The psychological effects on our very youngest and most innocent of minds can be devastating. With family values being smashed to oblivion, what will the long-term harms be, and how will this impact a generation?
Children while separated from their parents at school, are being visited by strangers disguised as drag queens and even mermaids (gender diverse), where clearly the aim of the game is to normalise sexualisation and gender orientation in very young children. What moral or professional qualifications do these nameless individuals hold in order to teach the very purest and innocent of minds? What is behind the glitter, make-up and sparkle?
Susan Mason’s message is clear enough: you can make a difference. Parents are the lawful educators of their children and are allowed to decide how and when these sensitive subjects should be taught, and by whom. Challenge the narrative, inform yourself, and in turn inform others. If we don’t speak up now, our youngest of children will no longer be picking apples off trees, jumping in muddy puddles or enjoying all the innocence that goes with being young; they’ll be too taken up with deciding whether to wear a skirt or suit—too busy to be a child.
What can you do?
- Ask your school to see the curriculum and resources used, including videos.
- Invoke the right to withdraw your child from sex education.
- Familiarise yourself with exemption rights.
- Talk to other parents and alert them.
- Circulate leaflets and information.
- Reassure your children; talk to them gently and quietly about what they are being taught.
- SAY NO.
Susan Mason recommends:
Susan Mason’s final word on the matter follows.

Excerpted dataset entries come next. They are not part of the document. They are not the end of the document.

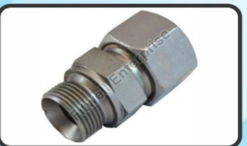
Hydraulic Hose Skive Fitting
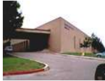
BUILDING # 1- MEDIA
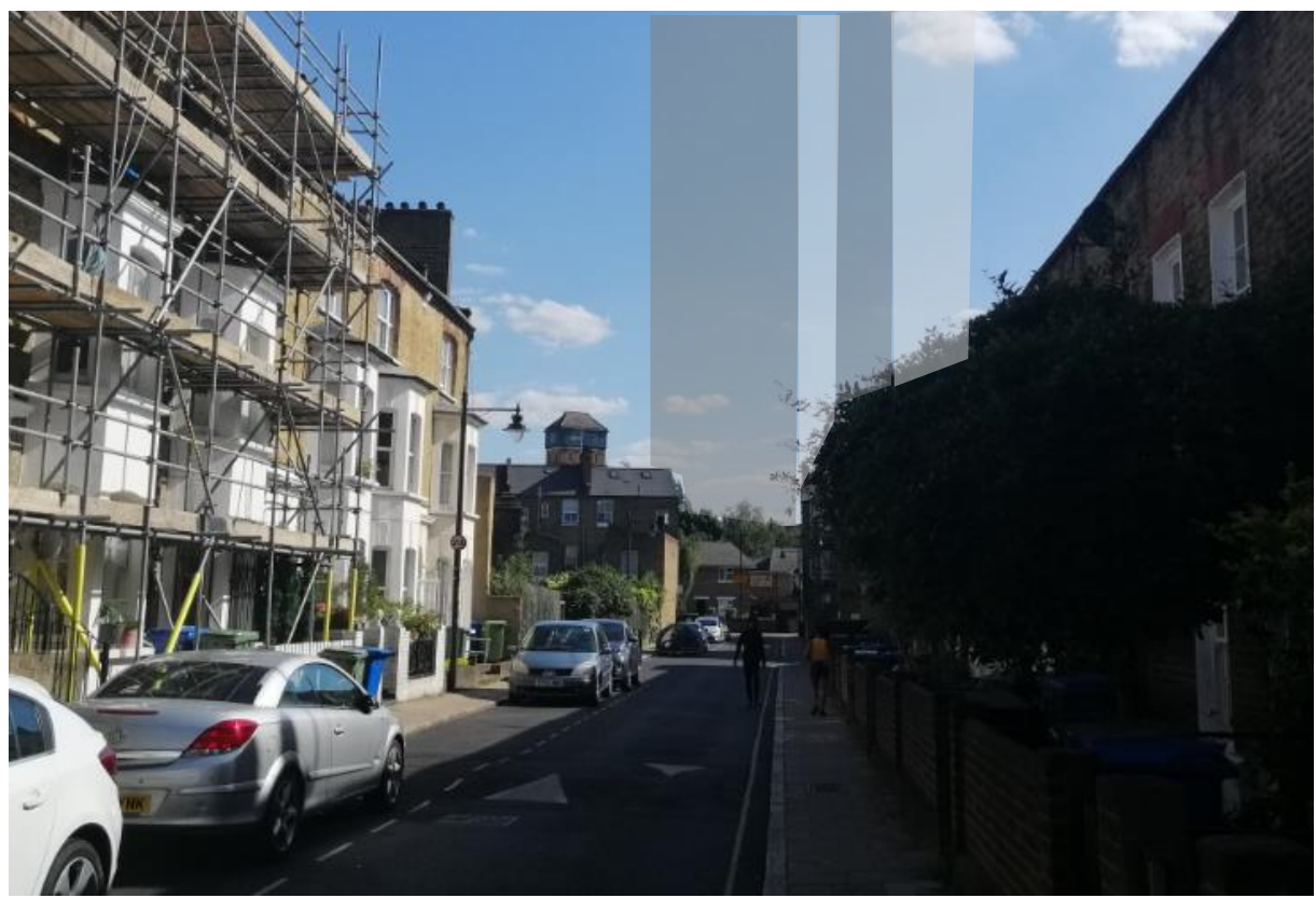
My estimation of the bulk and mass of the proposal is shaded in grey.
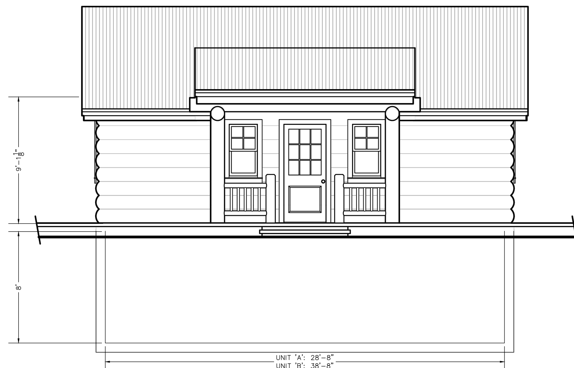
① Side Entry Elevation (Log Veneer)
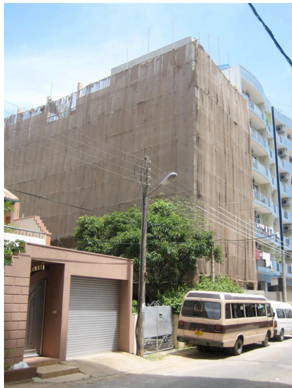
View of the progress of the KVLC construction from street view—August 2010

Teacher professional development and training is a tremendous need, particularly in areas affected by poverty and conflict. One of Visions main efforts is to coordinate and organize teacher training programs by connecting experts in a particular subject to a group of teachers in need of additional support. Possible training topics include psychosocial support, English, IT, and Leadership & Life Skills. Throughout 2011 we intend to support many such initiatives in both Sri Lanka & India and provide teachers with the basic supplies and other support they need to serve the best interests of their students.
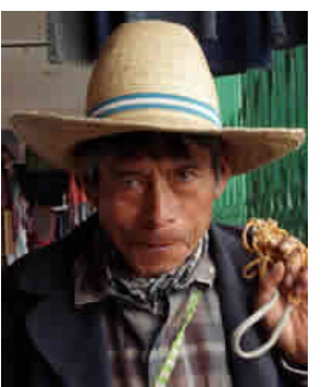
Population: 329,000 World Popl: 333,300 Total Countries: 2

People Cluster: Central American Indigeno
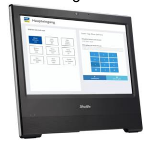
Data Collector e.g. Recording of working hours
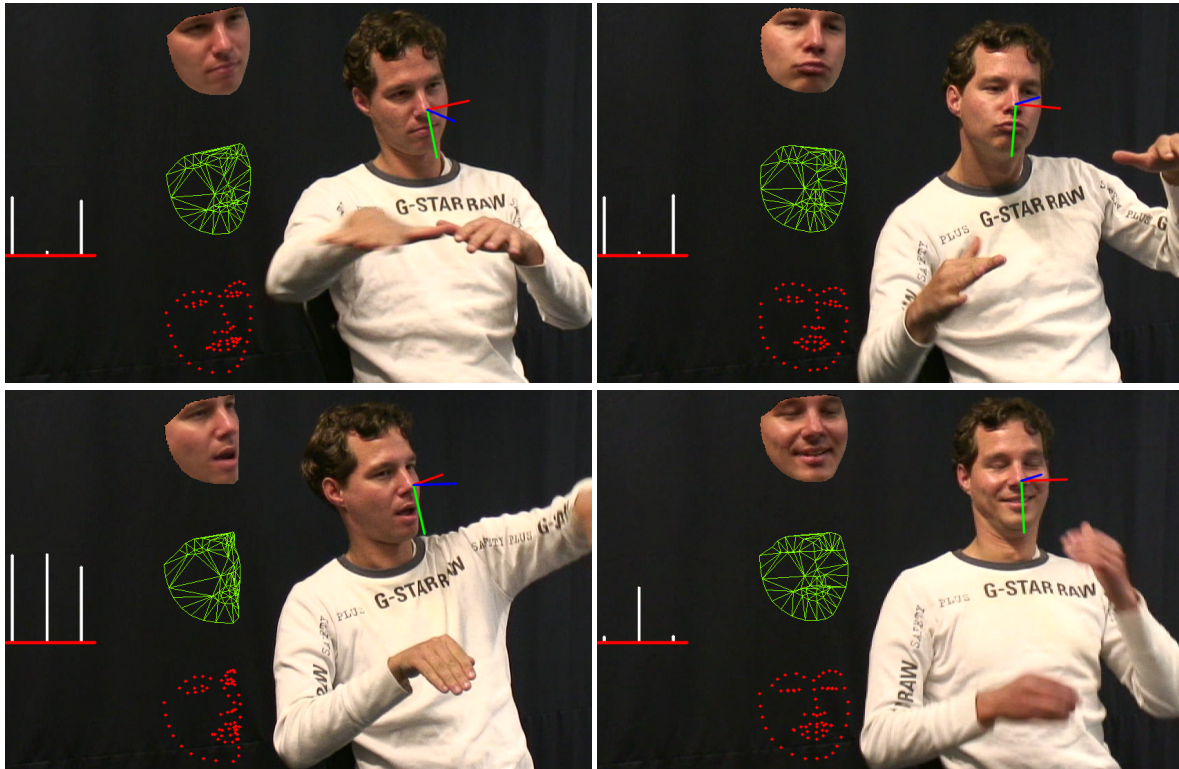
Figure 3: Facial feature extraction on the Corpus-NGT database (f.l.t.r.): three vertical lines quantify features like left eye aperture, mouth aperture, and right eye aperture; the extraction of these features is based on a fitted face model, where the orientation of this model is shown by three axis on the face: red is X, green is Y, blue is Z, origin is the nose tip.
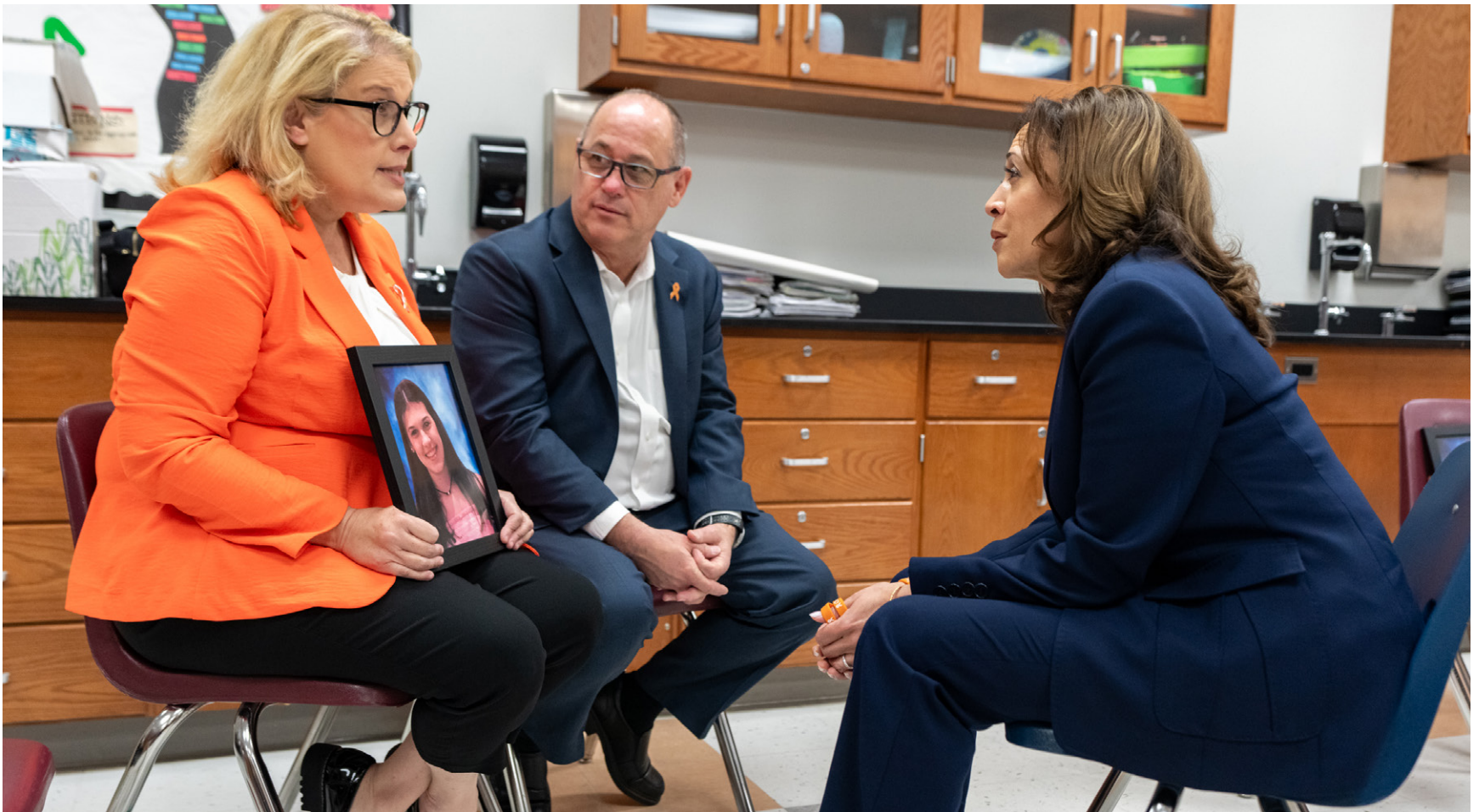
VISITS PARENTS OF STUDENTS KILLED IN THE 2018 MASSACRE AT MARJORY STONEMAN DOUGLAS HIGH SCHOOL IN PARKLAND, FLORIDA. MARCH 23, 2024.

“I do believe we have a duty to remember and a duty to bear witness to what happened here. This school is soon going to be torn down, but the memory of it will never be erased. And let us, through the courage and the call to action of these families, find it in ourselves to consider what they’ve been through as some level of motivation and inspiration for all of us to do more.”
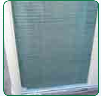
After: Coils Treated with EGuard DCC Green
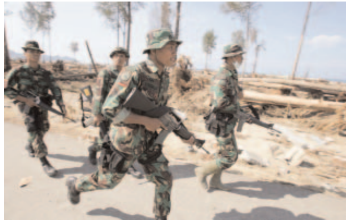
TNI soldiers run after gun shots from rebel snipers in the ruined GAM (Free Aceh Movement) stronghold Lhoknga, on tsunami ravaged Sumatra on January 6.
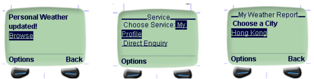
Figure 5. The weather information requested by the user in the spoken dialog interaction is ultimately pushed to his WAP phone as shown in the three screen dumps above.

Screen dumps in Figure 5 shows the new weather information pushed to the user. When the user clicks on "My Profile" (central screen-dump in Figure 5), he is connected to the city selected previously during the spoken dialog interaction, i.e. "Hong Kong".
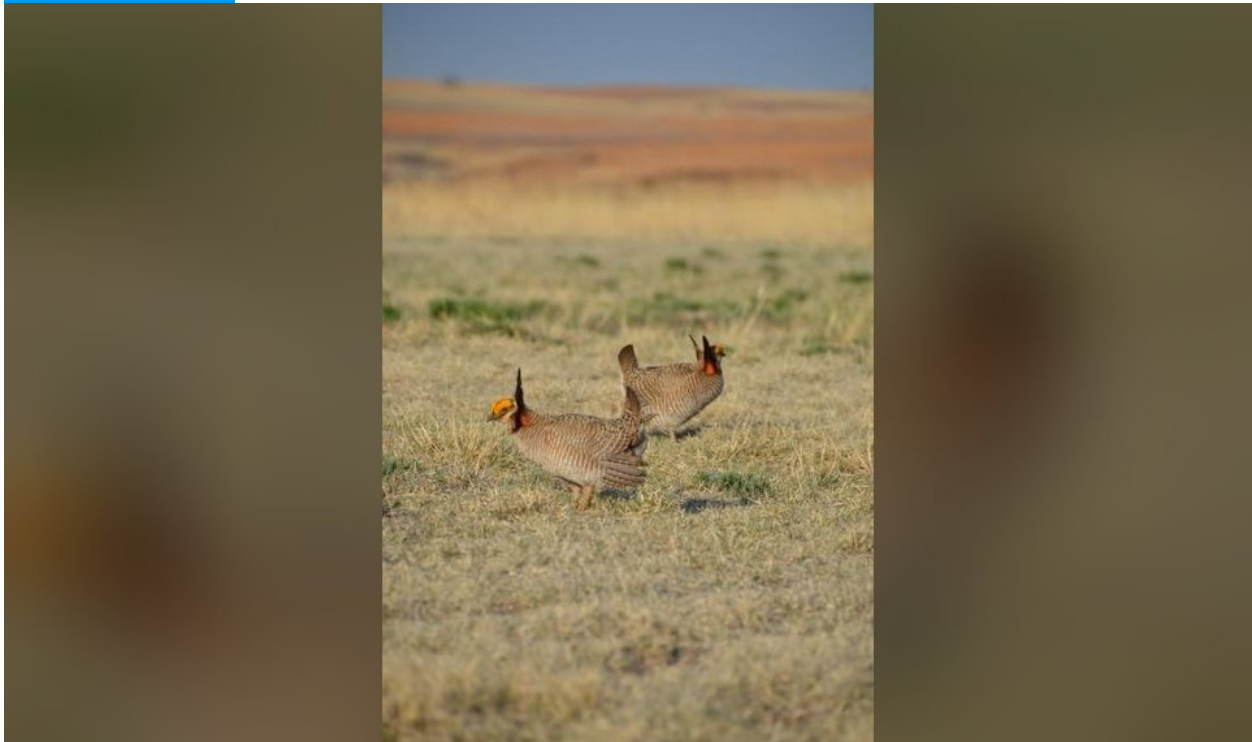
Lesser prairie chickens are photographed on western Oklahoma grasslands.
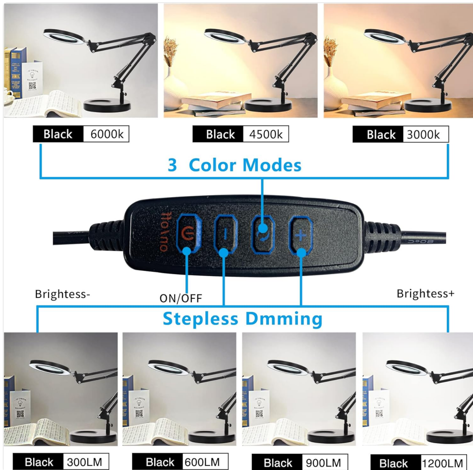
Image: The magnifying lamp securely mounted on its heavy desktop base, ready for use.
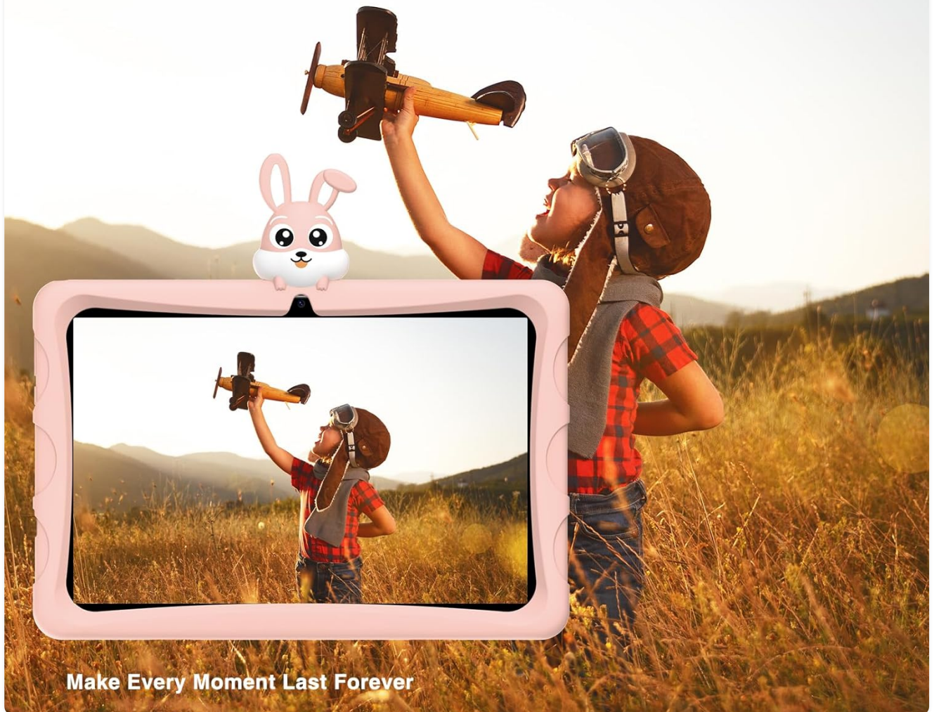
Image 4.2: The tablet's dual camera system, suitable for capturing memories.
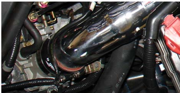
Press the intake throttle body side into the 2 3/4" hose. Align the intake bracket to the vibra-mount stud. Once the bracket has been aligned continue to semi-tighten the clamp on the intake.
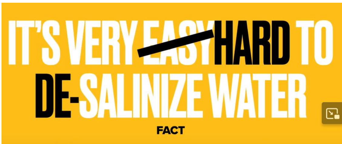
Image: Dugan, Hilary, March 30, 2023. Freshwater is the best water: How salt is a threat to our freshwater rivers and lakes presentation.

Deicing salts collected in soil percolate down to groundwater and increase chloride concentrations in your drinking water (well water.) People on low salt diets may be getting too much salt in their drinking water.
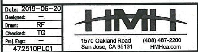
EXHIBIT "B" PLAT TO ACCOMPANY DESCRIPTION: FOR ZONING PURPOSES SAN JOSE CALIFORNIA
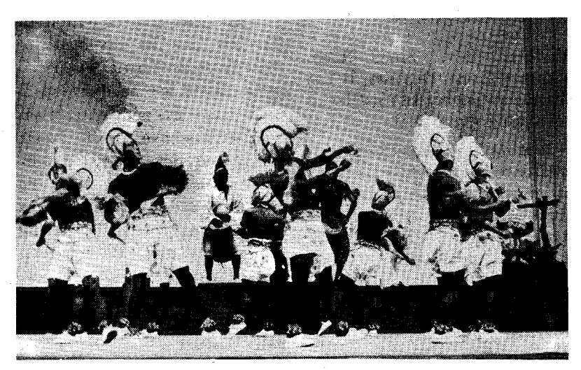
A Malian dance.

Spray irrigating increases grain yields and saves water, with the added advantage of conserving plant nutrients, maintaining soil texture and regulating the microclimate about the fields. Sprinkler
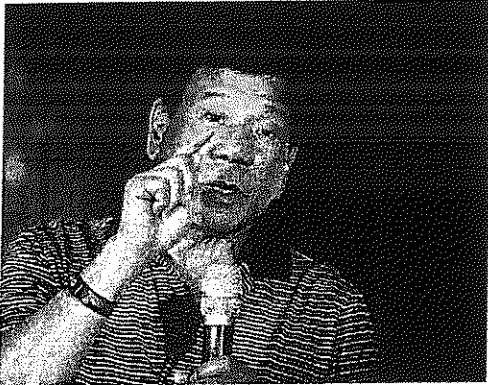
President Rodrigo Duterte.
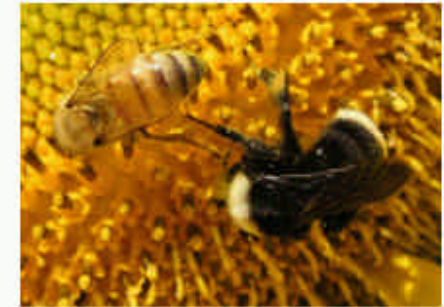
Above - Honey bee on the left and bumble bee on the right
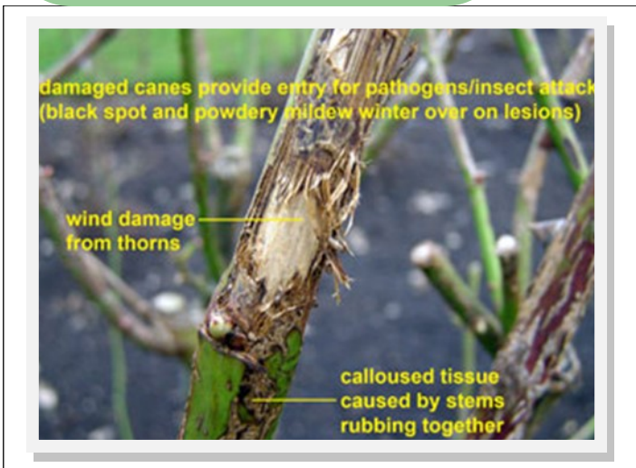
Damaged canes provide entry for pathogens and insect attack (black spot and powdery mildew winter over on lesions).
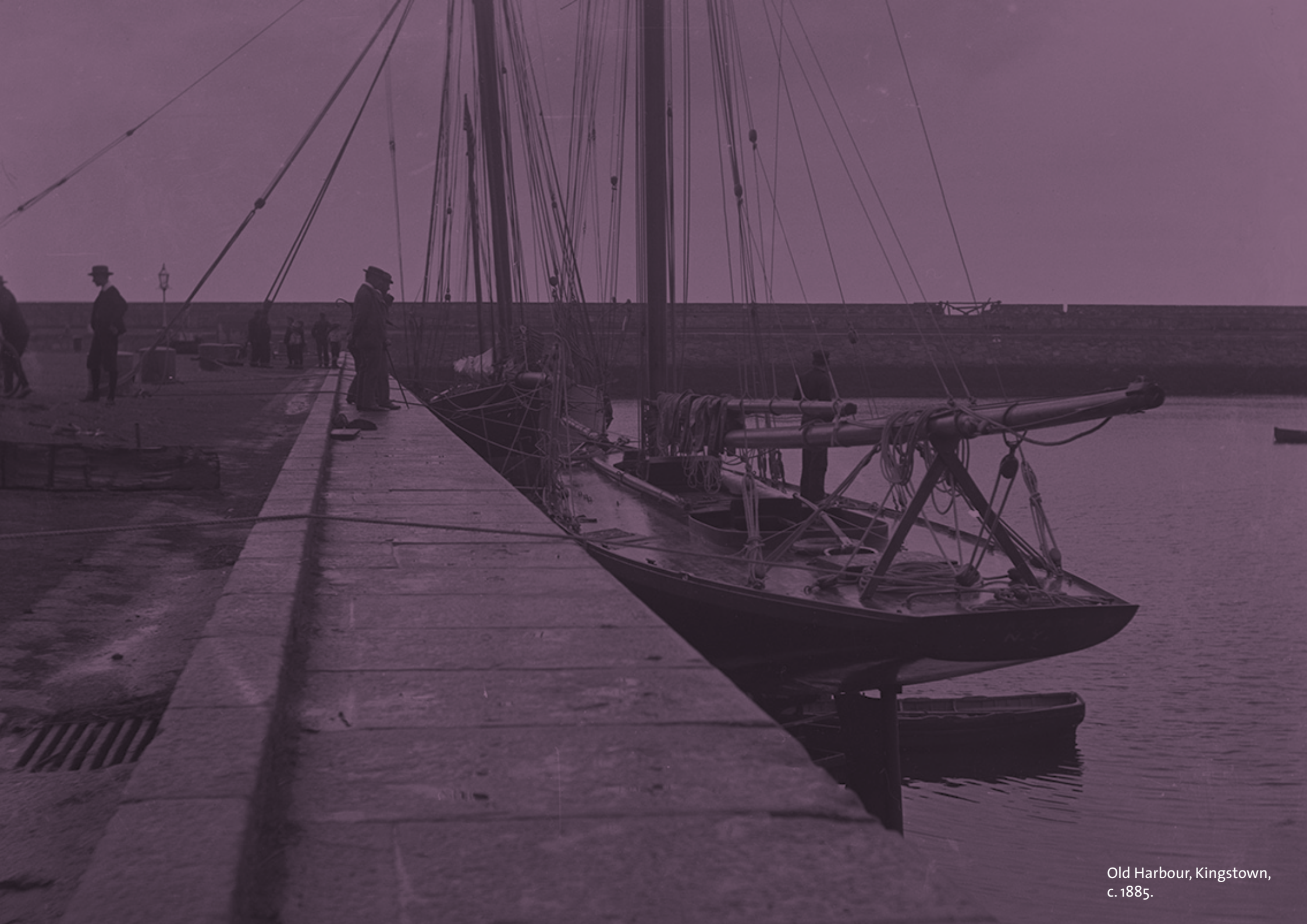
Old Harbour, Kingstown, c. 1885.
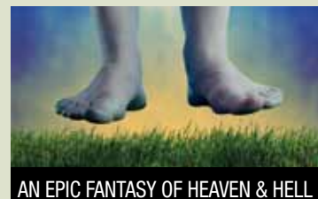
AN EPIC FANTASY OF HEAVEN & HELL
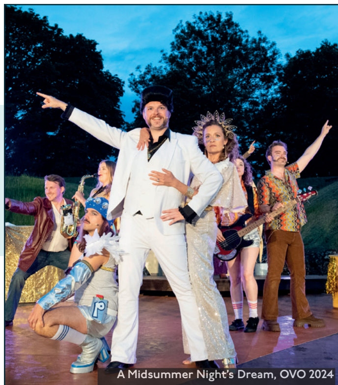
A Midsummer Night's Dream, OVO 2024
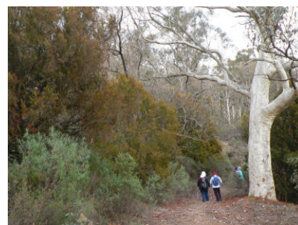
Eucalyptus rossii JG

While not all schools will deliver bad RSE, significant issues have already emerged over teaching about sex, sexuality and gender in English schools.
Other groups, quite rightly, continue to lobby government, showing sound research and other information that demonstrates that this approach to RSE is not best for children. Experience indicates that these actions alone will not change the direction our nation is being taken in. Only grassroots action will make the difference.
We are looking for people—especially parents—who care enough about children to count the cost, sharing information and standing up for them.
- The government (or nanny state) ignored the result of the RSE public consultation (which was overwhelmingly negative to proposals).
- Sound mainstream child development expertise has often been ignored; therefore, curriculum content cannot be guaranteed to be appropriate for the age and stage of the children.
- Parental rights enshrined in the Human Rights Act of 1998 and the Education Act 1996 have been ignored: the state is breaking the law.
- Religious rights, including protection of the religious characteristic in the Equalities Act 2010, have been ignored—making it, in practice, the Inequalities Act.
- The nanny state has ignored many concerns of those promoting children’s health and wellbeing about the ill-advised nature of this curriculum.
It’s up to us to take action, then. It’s important that parents, teachers and all those concerned about children take a stand to protect them from confusion and premature sexualisation in schools.